Tuesday, April 23, 2024

Echols May Pursue Innocence Claim

In the high-profile criminal case involving one of the "Memphis Three," the Arkansas Supreme Court has held that Damien Echols may pursue DNA exonoration notwithstanding his release from custody and Alford plea

Here, the plain language in sections 16-112-201 and -202 unambiguously permits “a person convicted of a crime” to petition for additional DNA testing to demonstrate the person’s actual innocence pursuant to Act 1780. This language imposes no requirement that a petitioner must be in State custody to seek relief pursuant to Act 1780, and we decline to read such a requirement into the statutes. The circuit court and the State employ reasoning that hinges on the legislative history and purpose underlying Act 1780 and our common-law interpretations of traditional habeas relief; however, resorting to these tools of statutory construction is unnecessary in the present case given the clear language of Act 1780. It is undisputed that Echols has been convicted of a crime, and as a result, he is entitled to seek relief pursuant to Act 1780. This reading of the plain language of sections 16-112-201 and -202 is consistent with the plain language of section 16-112-103, as it is clear that “any person . . . who has alleged actual innocence of the offense or offenses for which the person was convicted” is entitled to petition for a writ of habeas corpus. See Ark. Code Ann. § 16-112-103(a)(1).
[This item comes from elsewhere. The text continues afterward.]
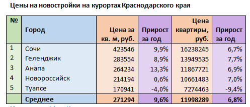 - Средняя цена «квадрата» по курортам выросла на 9,6% и достигла 271 294 рублей.
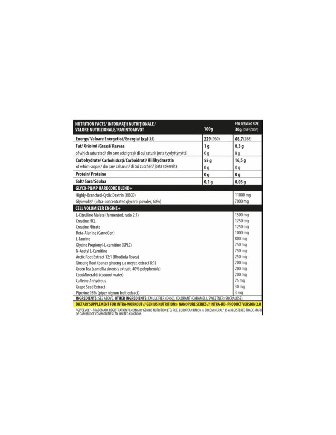 Супер промяна по време на тренировкаАко се намирате в една от следните ситуации помислете да започнете приемането на добавки по време на тренировката: Не ходите на фитнес. Чувствате се уморени по всяко време Не можете да се концентрирате докато работите Искате да намалите разграждането на мускули по време на тренировка Вие сте на нисковъглехидратна диета и ви липсва енергияПродуктите предназначени за употреба по време на тренировка могат да ви изведат на напълно ново ниво. Това не само ще увеличи силата и издръжливостта ви, но и синтеза на протеини, ще ускорят метаболизма ви, ще намалят загубата на мускули и ще създадат оптимална хормонална среда за растеж на мускулите.Някои не могат да издържат без помощ… НОВО ПОКОЛЕНИЕ ПРОФЕСИОНАЛЕН ПРОДУКТ ПРЕДНАЗНАЧЕН ЗА УПОТРЕБА ПО ВРЕМЕ НА ТРЕНИРОВКАНай-новото творение на Genius Nutrition® всъщност е уникална и всеобхватна добавка, която включва голямо разнообразие от естествени съставки с множество ползи, които ви дават възможността да извършите повече повторения.Новият продукт Intra-HD за преди тренировка е разработен за да повиши издръжливостта и силата ви и да ви предостави достатъчно енергия по време на тренировка. В сравнение с други подобни продукти, той ви осигурява постоянна енергия по време на тренировка, дори и ако е по-дълга от 120 минути. Няма значение, дали вдигате тежести в продължителен период от време или извършвате интензивна тренировка за 30 минути, Intra-HD ще ви даде точно това, от което имате нужда.Intra-HD е източник на изключителна сила, здравина и особено, чудесно чувство, което е гарантирано, независимо кой е любимият ви спорт.Това е напълно ново поколение професионална добавка, предназначена за използване по време на тренировка и за допълване с гликоген, който ефективно спира катаболизма, увеличава възстановяването на чистата мускулна маса и осигурява ново изключително ниво на представяне.Продуктите, предназначени за употреба преди тренировка са перфектни, но колко дълго или колко много можете да вдигате?Intra-HD прави и двете.Също така, той може да осигури много бързо да изчисти стомаха, като го прави изключително ефективен за запълване на нивата на гликоген без страничните ефекти на бързите въглехидрати.Без удари или пикове, само постоянно високо ниво на енергия.Intra-HD ще ви предостави допълнителна издръжливост и сила, за да издържите по време на интензивната тренировка и ще ви даде лазерен фокус. Отвъд гладката енергия и без удари, няма съмнителни и недоказани съставки.Също така той увеличава разхода на енергия при почивка със 70% увеличава количеството изгаряни мазнини. С други думи, вие ще повишите метаболизма си и ще изгаряте повече мазнини и ще попълвате повече гликоген.Всичко това докато получавате тяло, което ще обичате и в което ще се чувствате уверени…Решението за добавяне на L-цитрулин малат вместо стандартния L-цитрулин е от огромна полза за вас, като се има предвид обширното изследване, подкрепящо малата като по-превъзхождащата от двете аминокиселини.По подобен начин, Intra-HD разполага с правилната доза кофеин, с която да се почувствате изпълнени с енергия когато прекрачите прага на фитнес залата, която ще ви накара да се почувствате изключително будни. повишена производителност подобрен умствен фокус устойчива енергия без лоши добавки без празни калории няма нужд

Moreover, section 16-112-103(a)(2) directs such a person to pursue a writ on this basis in accordance with the procedures set forth in “§ 16-112-201 et seq.[,]” a separate subchapter that codified Act 1780. Therefore, we conclude that the circuit court misinterpreted the plain language of Act 1780 and, as a result, clearly erred when it dismissed Echols’s Act 1780 petition on the grounds that he was not in State custody at the time it was filed. Accordingly, we reverse and remand.

BARBARA W. WEBB, Justice, dissenting.

The majority’s decision obliterates any sense of finality in our criminal justice system. Their interpretation of Act 1780 means anyone who has ever been convicted of a crime––whether or not they be in State custody––can seek DNA or other scientific testing even if such testing would not prove that individual’s innocence. That is the case here. Echols’s first conviction did not rely on DNA evidence. Rather, the jury was presented with evidence that Echols knew facts about the case that were not public knowledge; fibers found on the victims’ clothes were microscopically similar to clothing found in Echols’s home; multiple witnesses testified that Echols confessed to the murders; and multiple witnesses placed him near the crime scene at the time of the murders. DNA testing therefore cannot prove Echols’s innocence. For the reasons set forth below, I would hold that the circuit court correctly found that Echols is not entitled to habeas relief. I dissent.